Please write out only the lines from the line with "The Coherent WaveBurst" to the line with "Купить профиль-ручка 96мм", inclusive, exactly as they stand below, without the pictures.

——————————

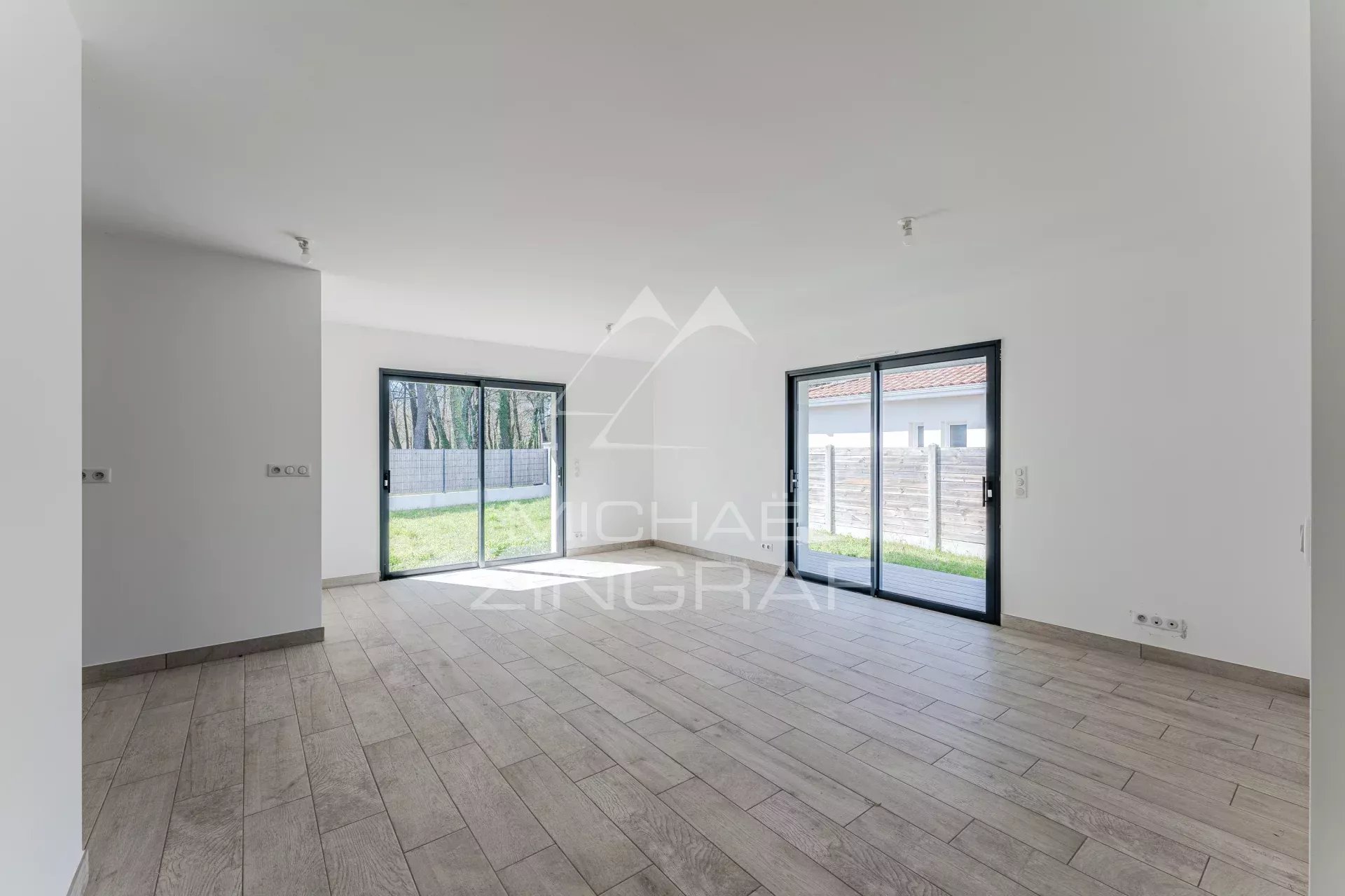 Michael Zingraf Real Estate présente cette maison située à La Teste-de-Buch, offrant 100 m² habitables sur une parcelle de 400 m². Fonctionnelle et bien agencée, elle dispose de trois chambres, d’un salon de 30 m² ouvert sur le jardin, d’une cuisine attenante et de deux salles d’eau. Le garage complète l’ensemble.
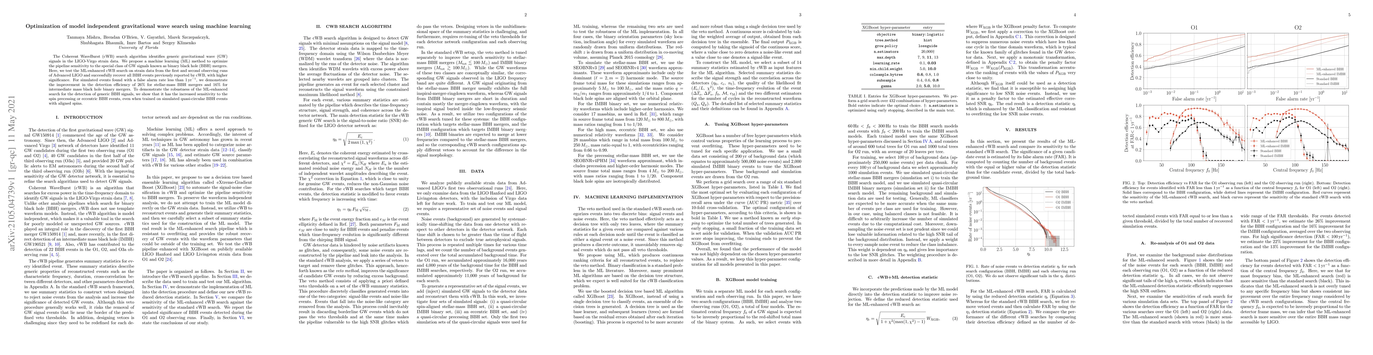 The Coherent WaveBurst (cWB) search algorithm identifies generic gravitational wave (GW) signals in the LIGO-Virgo strain data. We propose a machine learning (ML) method to optimize the pipeline sensitivity to the special class of GW signals known as binary black hole (BBH) mergers. Here, we test the ML-enhanced cWB search on strain data from the first and second observing runs of Advanced LIGO and successfully recover all BBH events previously reported by cWB, with higher significance. For simulated events found with a false alarm rate less than $1\,\mathrm{yr}^{-1}$, we demonstrate the improvement in the detection efficiency of 26% for stellar-mass BBH mergers and 16% for intermediate mass black hole binary mergers. To demonstrate the robustness of the ML-enhanced search for the detection of generic BBH signals, we show that it has the increased sensitivity to the spin precessing or eccentric BBH events, even when trained on simulated quasi-circular BBH events with aligned spins.
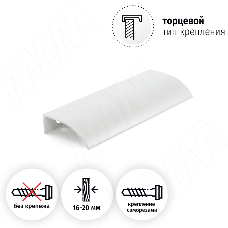 Купить профиль-ручка 96мм (l=124мм) крепление саморезами белый матовый (краска ral 9003) оптом и в розницу в городе Москва.
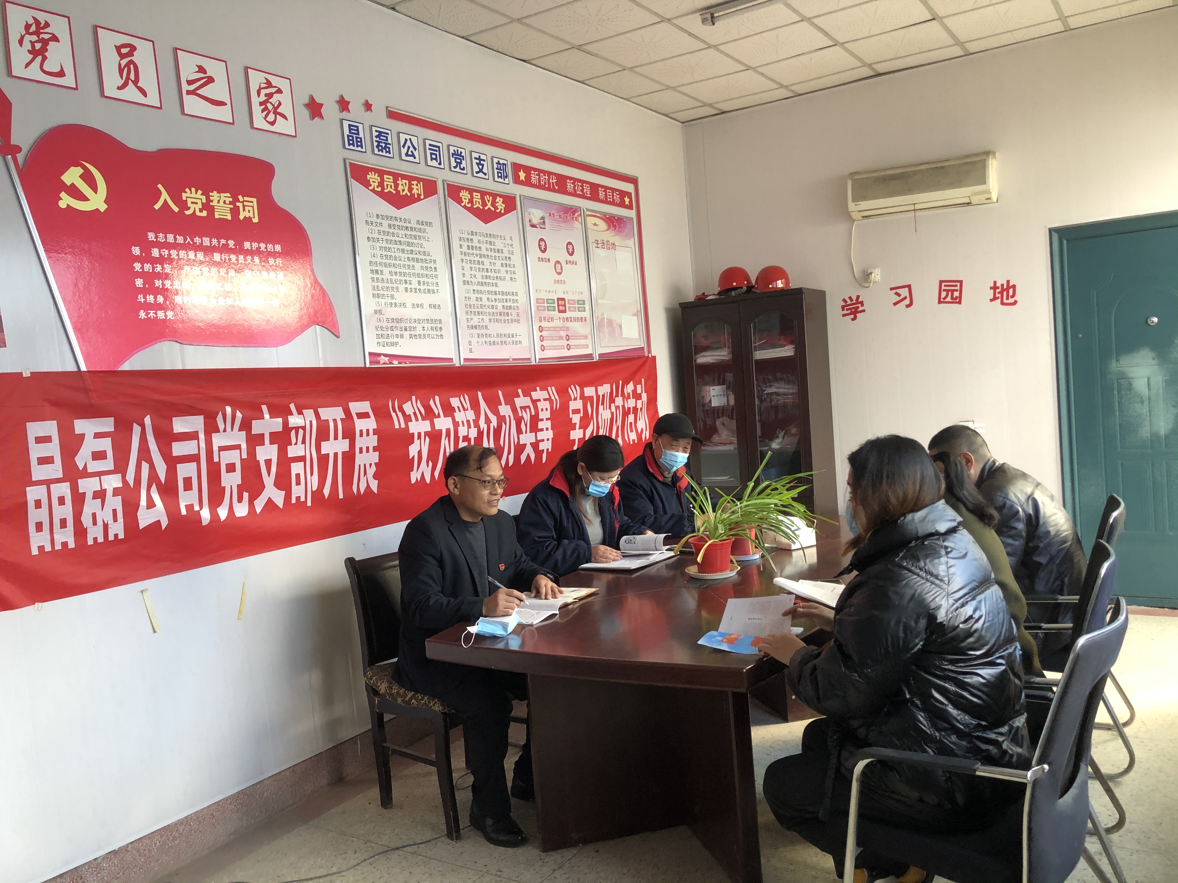 11月17日上午,物流千亿(中国)晶磊千亿官方站网站登录入口党支部在石材物流园党员活动室开展“我为群众办实事”主题党日活动,传达学习中央、省市委关于“我为群众办实事”实践活动的新部署新要求,切实把思想和行动统一到中央、省市委的部署要求上来,开展“我为群众做什么”大讨论,教育引导广大党员以“群众利益无小事”的态度,当好群众知心人、贴心人、暖心人。
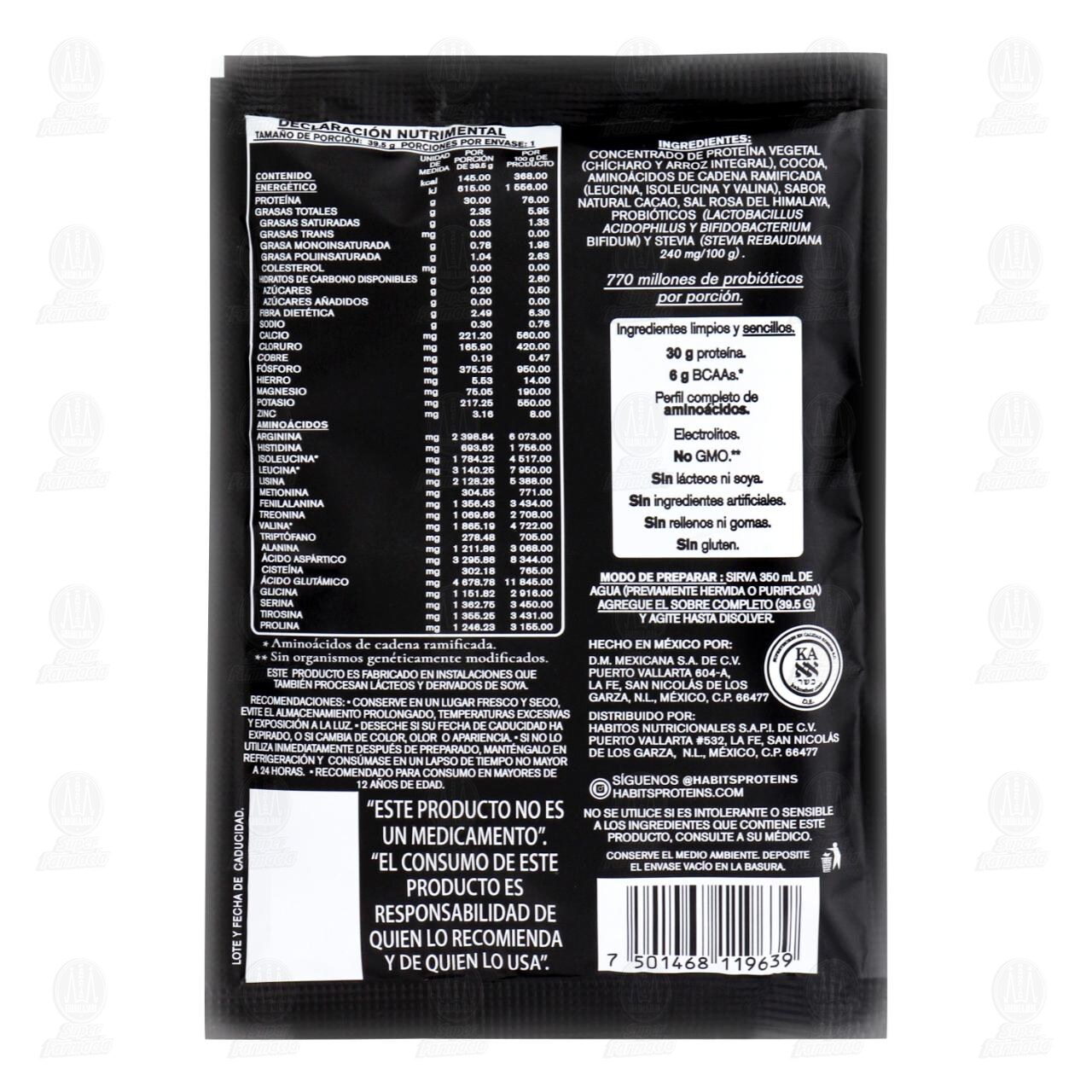 Habits High Performance en polvo a base de proteína vegetal sabor cacao, de alto rendimiento hecha con ingredientes limpios y sencillos. Contiene 39.5 gramos.

——————————

Result>
 The Coherent WaveBurst (cWB) search algorithm identifies generic gravitational wave (GW) signals in the LIGO-Virgo strain data. We propose a machine learning (ML) method to optimize the pipeline sensitivity to the special class of GW signals known as binary black hole (BBH) mergers. Here, we test the ML-enhanced cWB search on strain data from the first and second observing runs of Advanced LIGO and successfully recover all BBH events previously reported by cWB, with higher significance. For simulated events found with a false alarm rate less than $1\,\mathrm{yr}^{-1}$, we demonstrate the improvement in the detection efficiency of 26% for stellar-mass BBH mergers and 16% for intermediate mass black hole binary mergers. To demonstrate the robustness of the ML-enhanced search for the detection of generic BBH signals, we show that it has the increased sensitivity to the spin precessing or eccentric BBH events, even when trained on simulated quasi-circular BBH events with aligned spins.
 Купить профиль-ручка 96мм (l=124мм) крепление саморезами белый матовый (краска ral 9003) оптом и в розницу в городе Москва.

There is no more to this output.